Information supplied ::
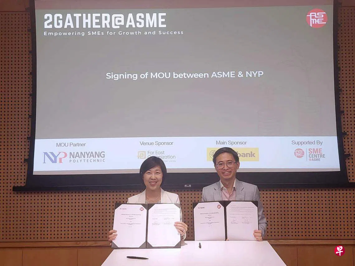 南洋理工学院与新加坡中小企业商会(ASME)星期三(6月5日)签署谅解备忘录,宣布展开为期三年的合作计划。根据计划,中小企业商会会员将获得帮助,启动可持续发展计划、推进人工智能(AI)和数码转型,以及提升网络安全能力。
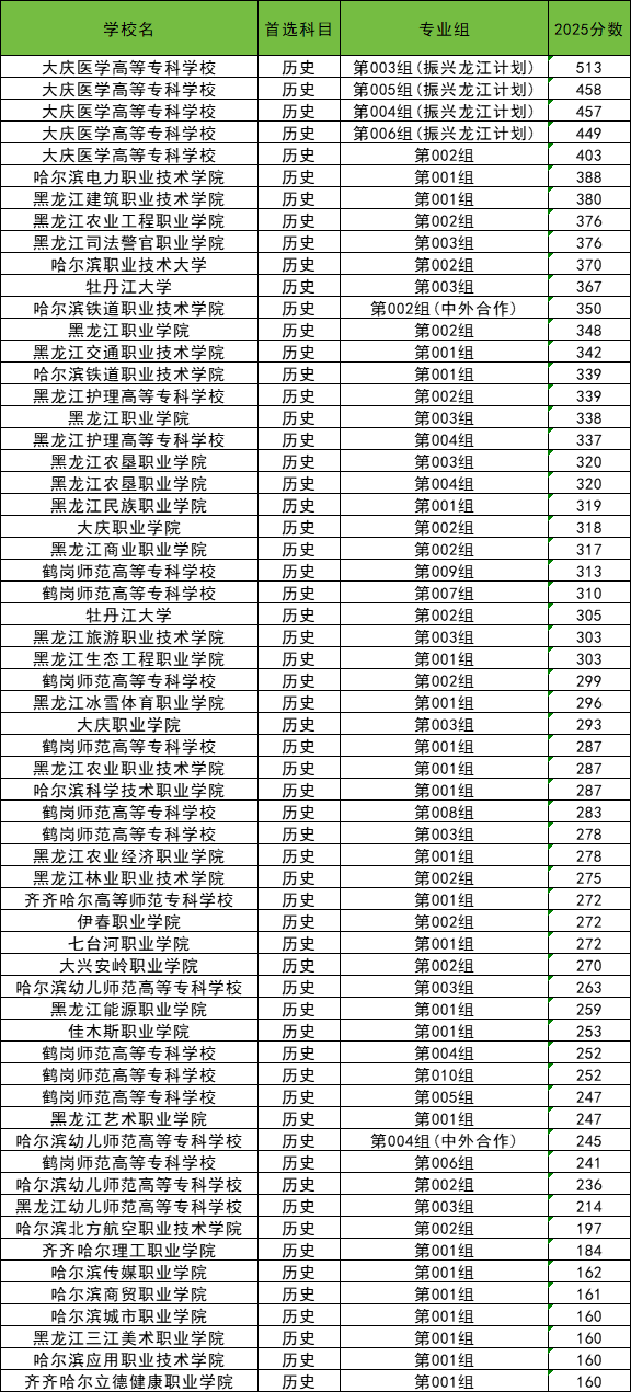 下面是2025年黑龙江省内专科高校历史类录取分数线一览表:
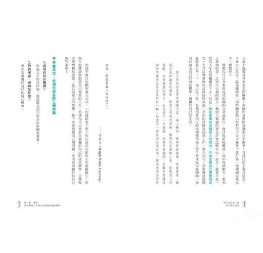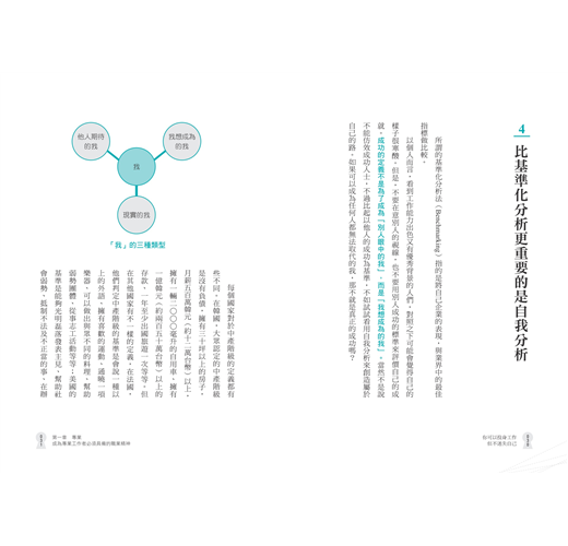 ◆態度——職涯的深度和廣度由態度決定成功的定義不是為了成為「別人眼中的我」,而是「我想成為的我」。如果可以成為任何人都無法取代的我,那才是真正的成功。
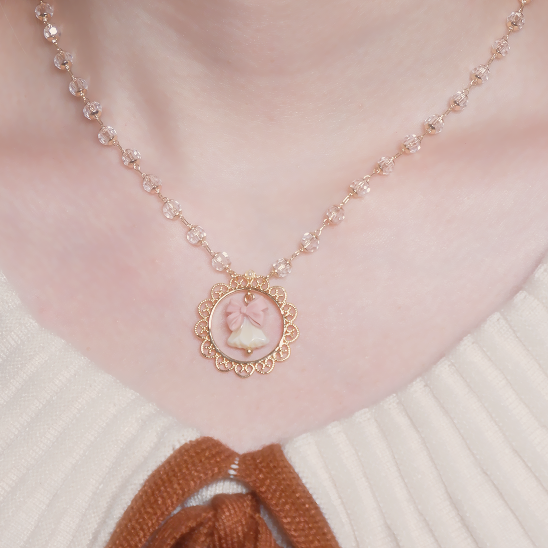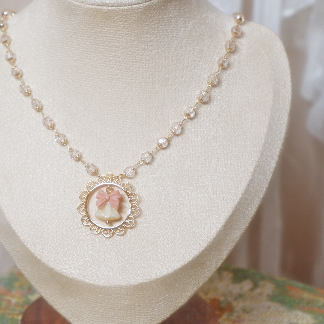 - 銅鍍K金玻璃水晶頸鏈,長約40cm+5cm延長鏈
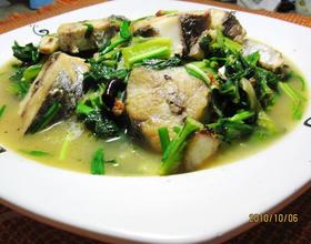 等小白菜变软,鱼汤变白,关火,加韭菜段、芝麻油调味。
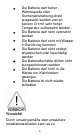 Die Batterie darf keiner Wärmequelle oder Sonneneinstrahlung direkt ausgesetzt werden und an keinem Ort mit sehr hoher Temperatur aufbewahrt werden. Die Batterie darf nicht verbrannt werden Die Batterie darf nicht mit Wasser in Berührung kommen Die Batterie darf nicht zerlegt, angestochen oder beschädigt werden Die Batteriekontakte dürfen nicht kurzgeschlossen werden Die Batterie darf nicht in die Hände von Kleinkindern gelangen.
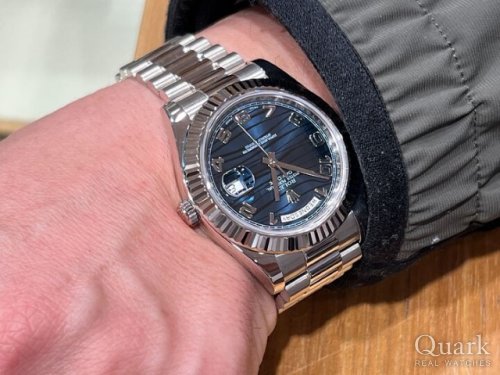 H様、この度はクォーク梅田店をご利用頂きまして誠に有難うございました。日頃より御贔屓下さり心より感謝を申し上げます。この度お選びいただきましたのは、まさに新年に相応しいモデルであります、オールWGのデイデイトII(Ref.218239)でございますね。H様もおっしゃられております通りまさに金の塊ですよね。凄まじいオーラと存在感で他のモデルとは比較になりません。またこの珍しくユニークなブルーウェーブ文字盤がなんとも魅力的でずっと見ていられますね。やはりどもモデルもそうですが、実際に手に取って見てみないと本当の素晴らしさはわかりませんね。H様の雰囲気やお召し物にも本当にマッチされておりとてもお似合いでございました。新たな相棒として末永くご愛用頂けましたら幸いです。今後も最大限サポートさせていただきますので、何なりとご用命くださいませ。本年も何卒宜しくお願い申し上げます。
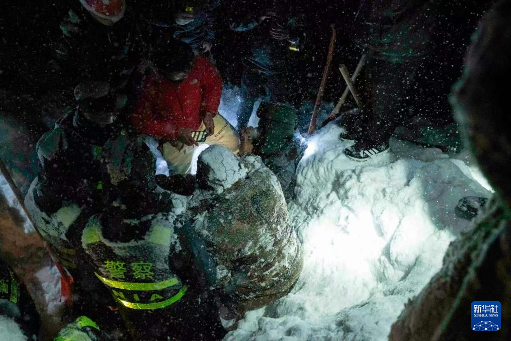 雪崩夜,民警徒手刨雪救援。(受訪者供圖)

Exercise details :: Output only the lines running from the one containing "H様、この度はクォーク梅田店" to the end of the records, inclusive and exact; skip the pictures.

Exercise answer ::
 H様、この度はクォーク梅田店をご利用頂きまして誠に有難うございました。日頃より御贔屓下さり心より感謝を申し上げます。この度お選びいただきましたのは、まさに新年に相応しいモデルであります、オールWGのデイデイトII(Ref.218239)でございますね。H様もおっしゃられております通りまさに金の塊ですよね。凄まじいオーラと存在感で他のモデルとは比較になりません。またこの珍しくユニークなブルーウェーブ文字盤がなんとも魅力的でずっと見ていられますね。やはりどもモデルもそうですが、実際に手に取って見てみないと本当の素晴らしさはわかりませんね。H様の雰囲気やお召し物にも本当にマッチされておりとてもお似合いでございました。新たな相棒として末永くご愛用頂けましたら幸いです。今後も最大限サポートさせていただきますので、何なりとご用命くださいませ。本年も何卒宜しくお願い申し上げます。
 雪崩夜,民警徒手刨雪救援。(受訪者供圖)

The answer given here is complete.